**What needs to be done:**
From the entries below, print exactly the span beginning with the line holding "一个第二个例子中,我们将识别" and ending with the line holding "transforma vidas. 📘💚", endpoints included, and skip any pictures.

───

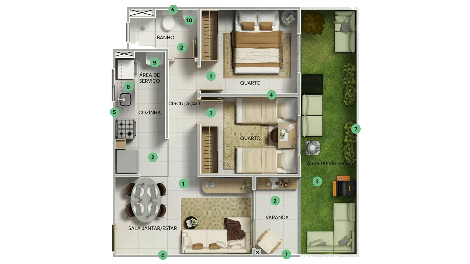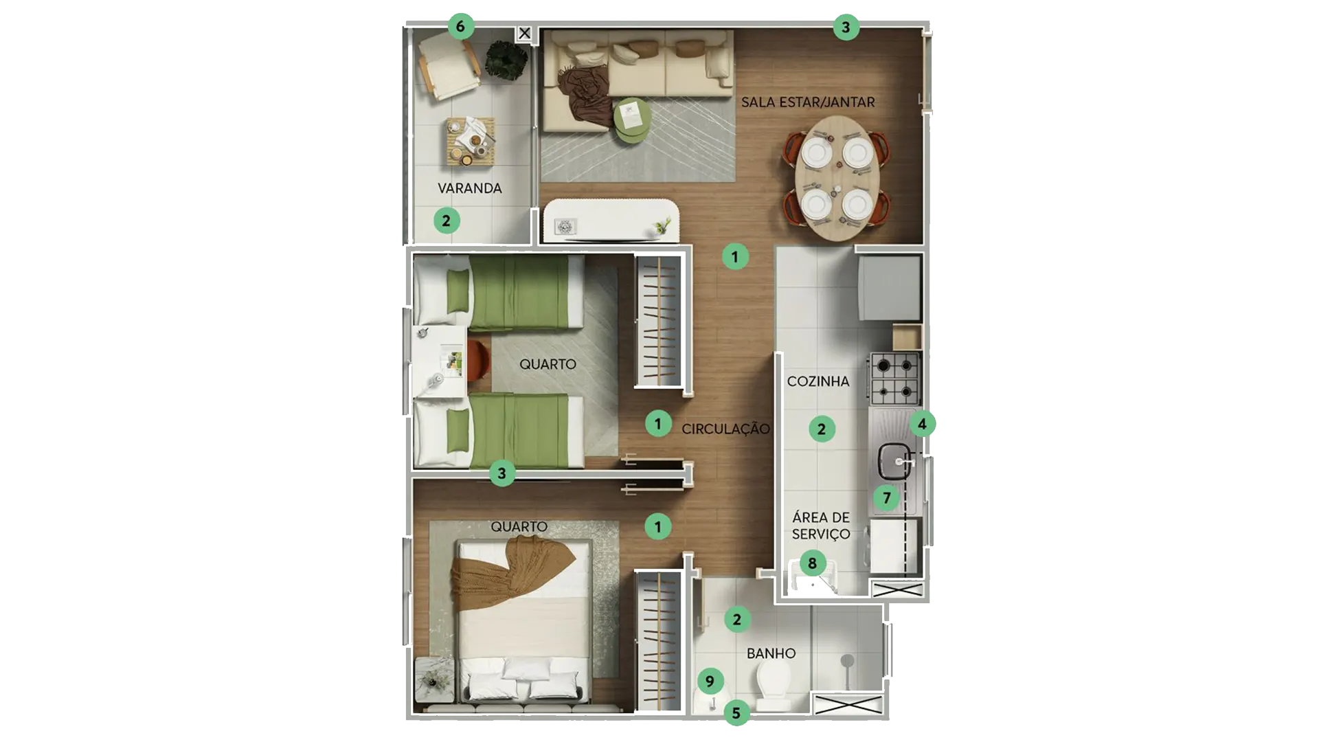Os apartamentos de 2 quartos contam com opção de varanda, que amplia sua experiência de lar e conecta você com o ambiente ao redor, oferecendo um refúgio de tranquilidade no fim do dia.
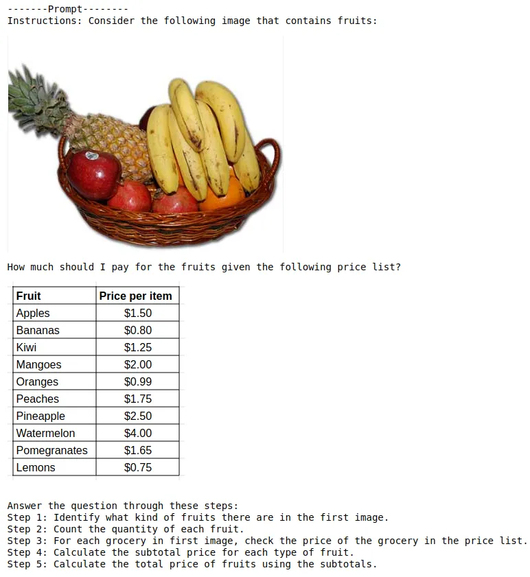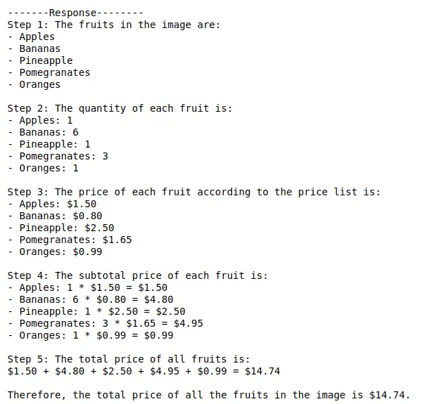 一个第二个例子中,我们将识别水果种类,计数,从图像中的表格里获取它们的价格,进行数学计算并计算总数。这里我采用链式思考,即鼓励模型将复杂任务拆解为一系列步骤
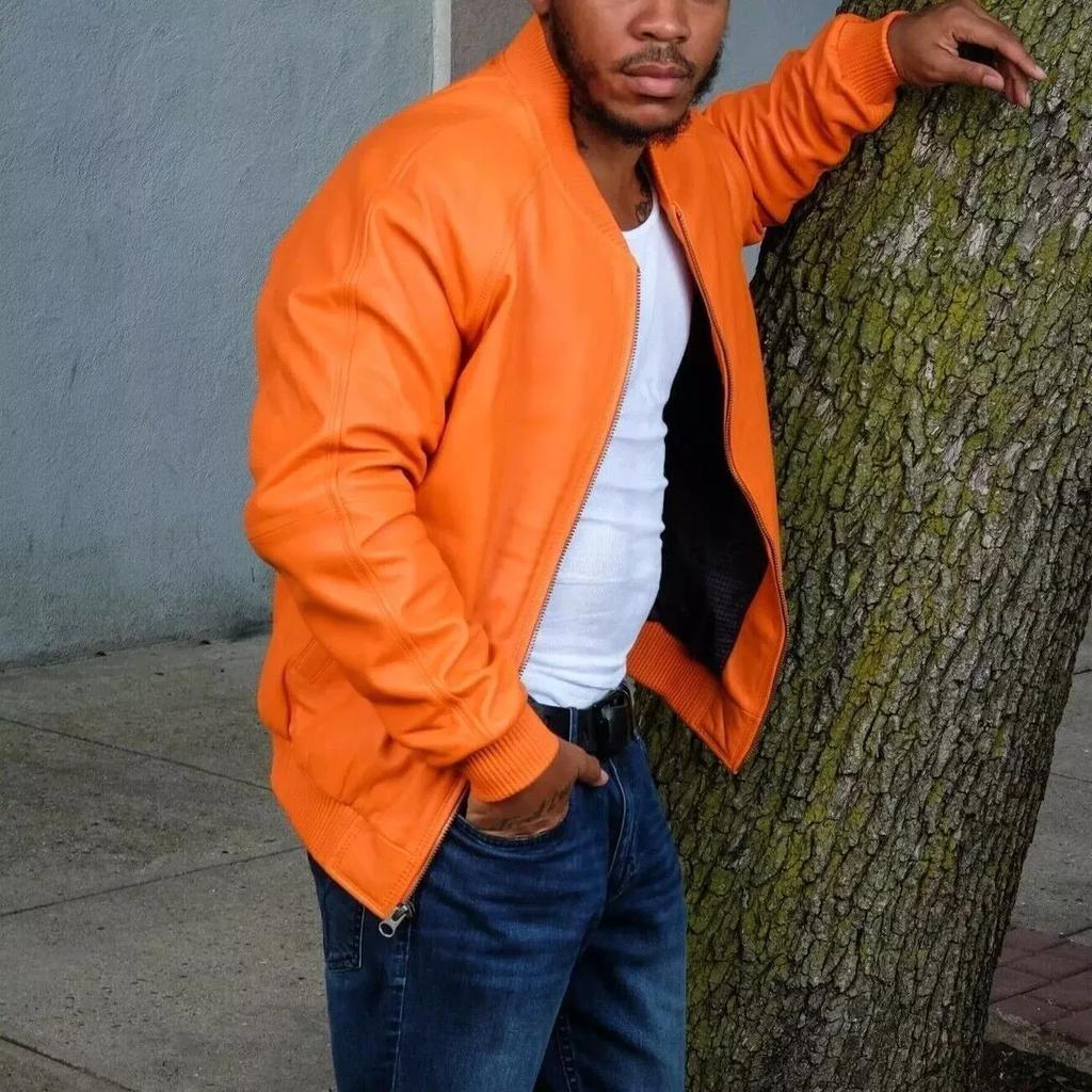 Кожа Ягненок Натуральная Ручная Работа Стильная Мужская Куртка Оранжевая Ручная Работа
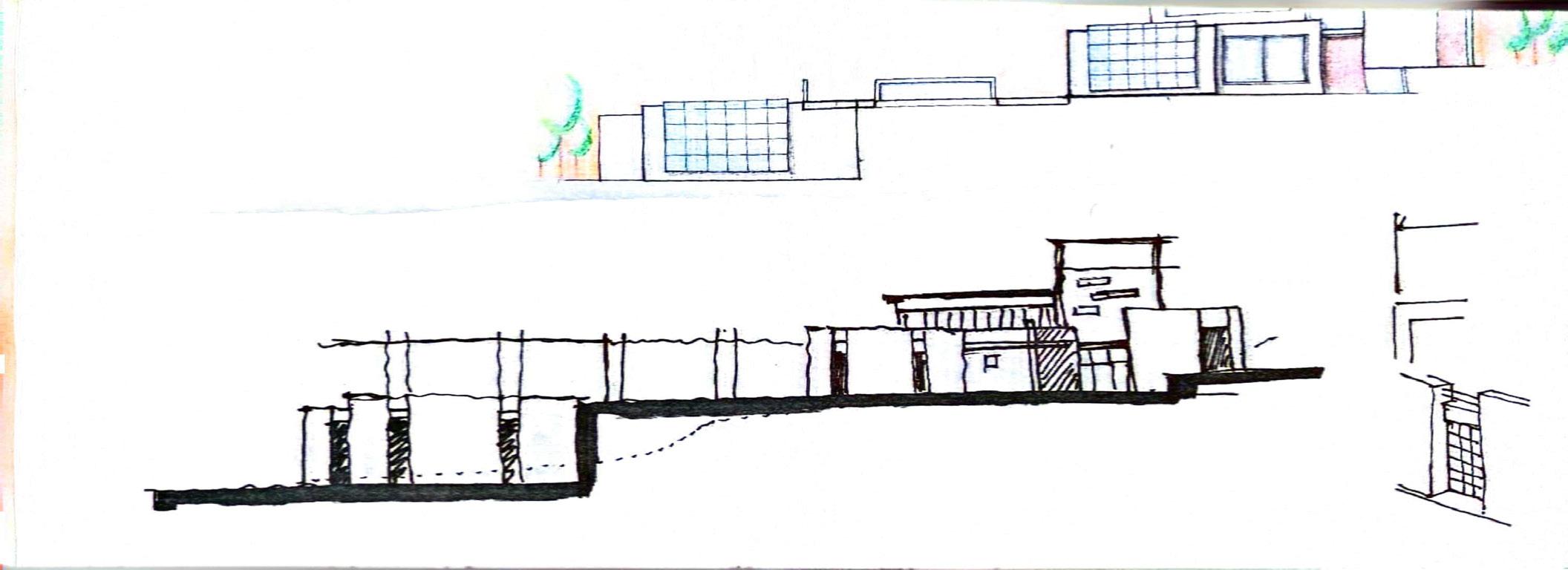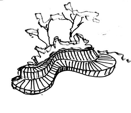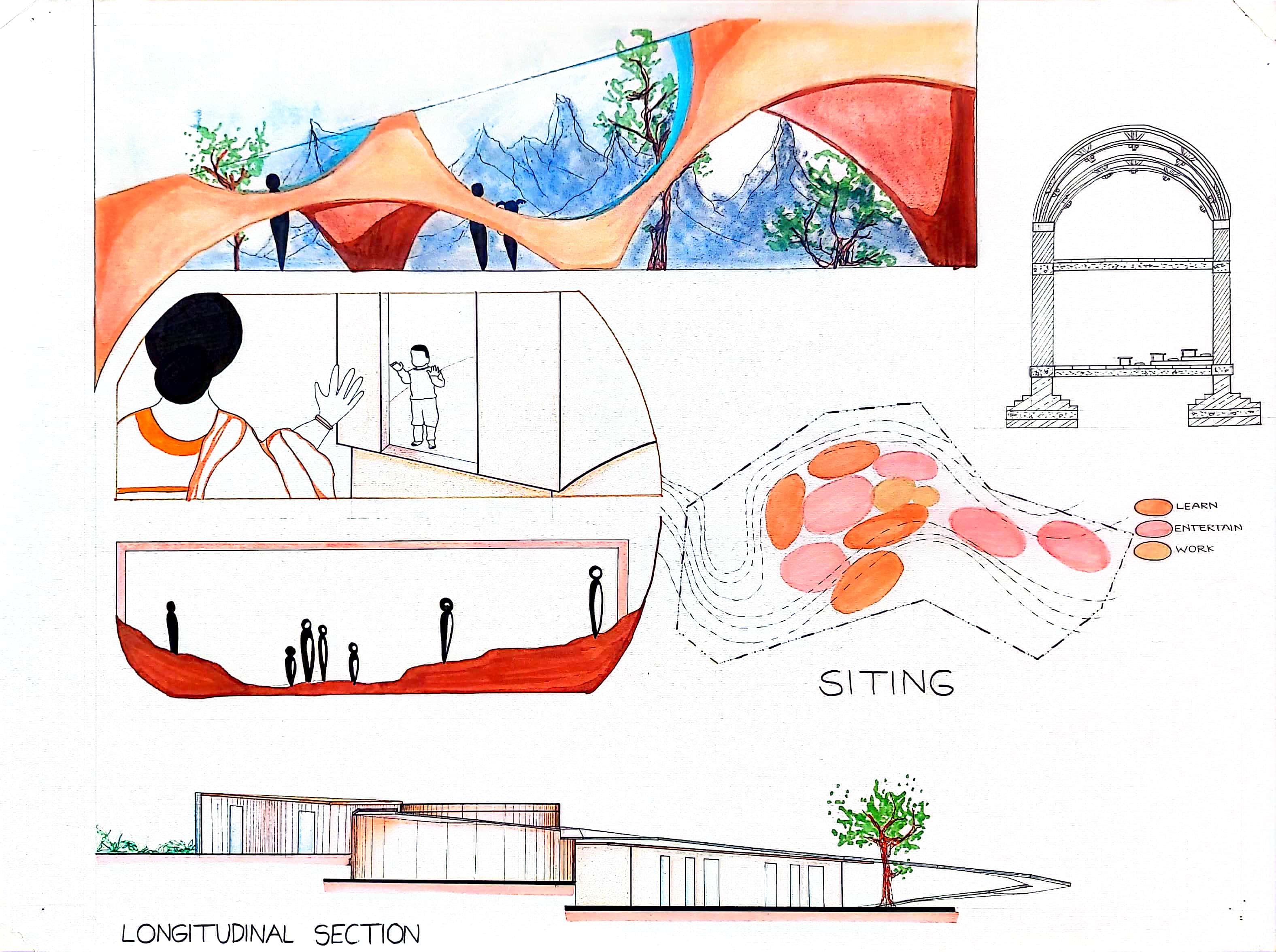 based on a significantly contoured site, i utilised the natural terrains of the site to my advantage to provide highs and lows in the levels of my school, all connected by one common ramp which carries an essence similar to a roller coster ride, based on the entirety of which, i’ve named this design of school “YATRA” .
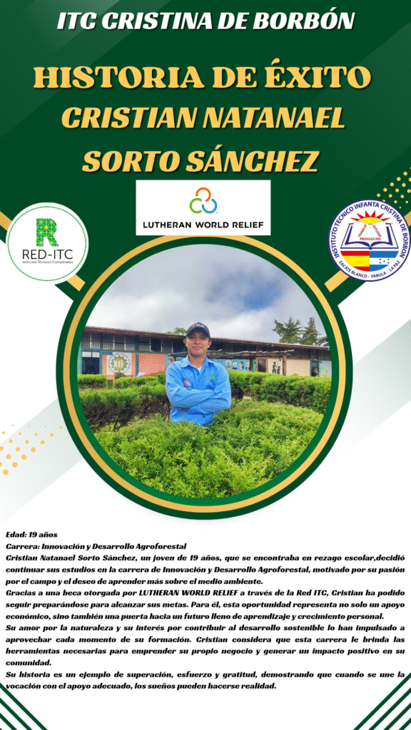 ¡Las segundas oportunidades también florecen cuando hay esfuerzo y determinación! 💪✨ Hoy destacamos la historia de Cristian Natanael Sorto Sánchez, un joven que decidió retomar su camino educativo en el ITC Cristina de Borbón, matriculándose en el Bachillerato Técnico Profesional en Innovación y Desarrollo Agroforestal. Cristian, beneficiario de una beca otorgada por Lutheran gracias a la Red ITC, nos demuestra que nunca es tarde para luchar por nuestros sueños. 🌿 Su amor por el campo, el medio ambiente y su deseo de aprender lo impulsan a seguir formándose para, en un futuro, emprender su propio proyecto agroforestal. 🌾🌳 Desde el ITC Cristina de Borbón celebramos su perseverancia y motivamos a más jóvenes a creer en sí mismos, porque la educación transforma vidas. 📘💚
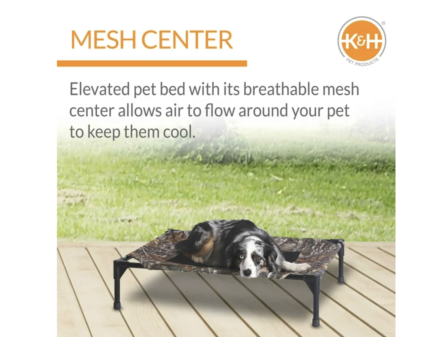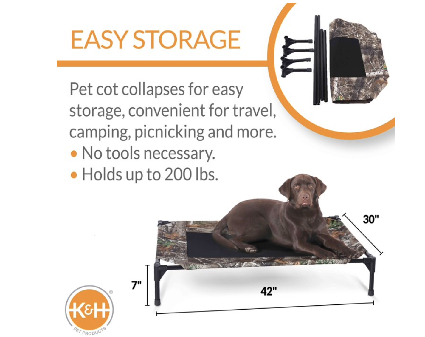 The K&H Pet Products Pet Cot raised dog bed keeps your dog elevated and off the ground allowing air to flow around your pet to keep them cool. The easy to assemble elevated pet bed requires no tools! Can be disassembled and taken anywhere. Our raised dog bed is great for camping, hiking, picnics, or anywhere at home inside or out. Made with water-resistant, heavy denier fabric and a breathable mesh center that repels moisture. The cover is removable and washable or can be hosed off outdoors. Slip-resistant rubber feet help protect floor surfaces. The K&H Pet Cot is durable and can hold up to 200 pounds;

───

**Answer for this exercise:**
 一个第二个例子中,我们将识别水果种类,计数,从图像中的表格里获取它们的价格,进行数学计算并计算总数。这里我采用链式思考,即鼓励模型将复杂任务拆解为一系列步骤
 Кожа Ягненок Натуральная Ручная Работа Стильная Мужская Куртка Оранжевая Ручная Работа
 based on a significantly contoured site, i utilised the natural terrains of the site to my advantage to provide highs and lows in the levels of my school, all connected by one common ramp which carries an essence similar to a roller coster ride, based on the entirety of which, i’ve named this design of school “YATRA” .
 ¡Las segundas oportunidades también florecen cuando hay esfuerzo y determinación! 💪✨ Hoy destacamos la historia de Cristian Natanael Sorto Sánchez, un joven que decidió retomar su camino educativo en el ITC Cristina de Borbón, matriculándose en el Bachillerato Técnico Profesional en Innovación y Desarrollo Agroforestal. Cristian, beneficiario de una beca otorgada por Lutheran gracias a la Red ITC, nos demuestra que nunca es tarde para luchar por nuestros sueños. 🌿 Su amor por el campo, el medio ambiente y su deseo de aprender lo impulsan a seguir formándose para, en un futuro, emprender su propio proyecto agroforestal. 🌾🌳 Desde el ITC Cristina de Borbón celebramos su perseverancia y motivamos a más jóvenes a creer en sí mismos, porque la educación transforma vidas. 📘💚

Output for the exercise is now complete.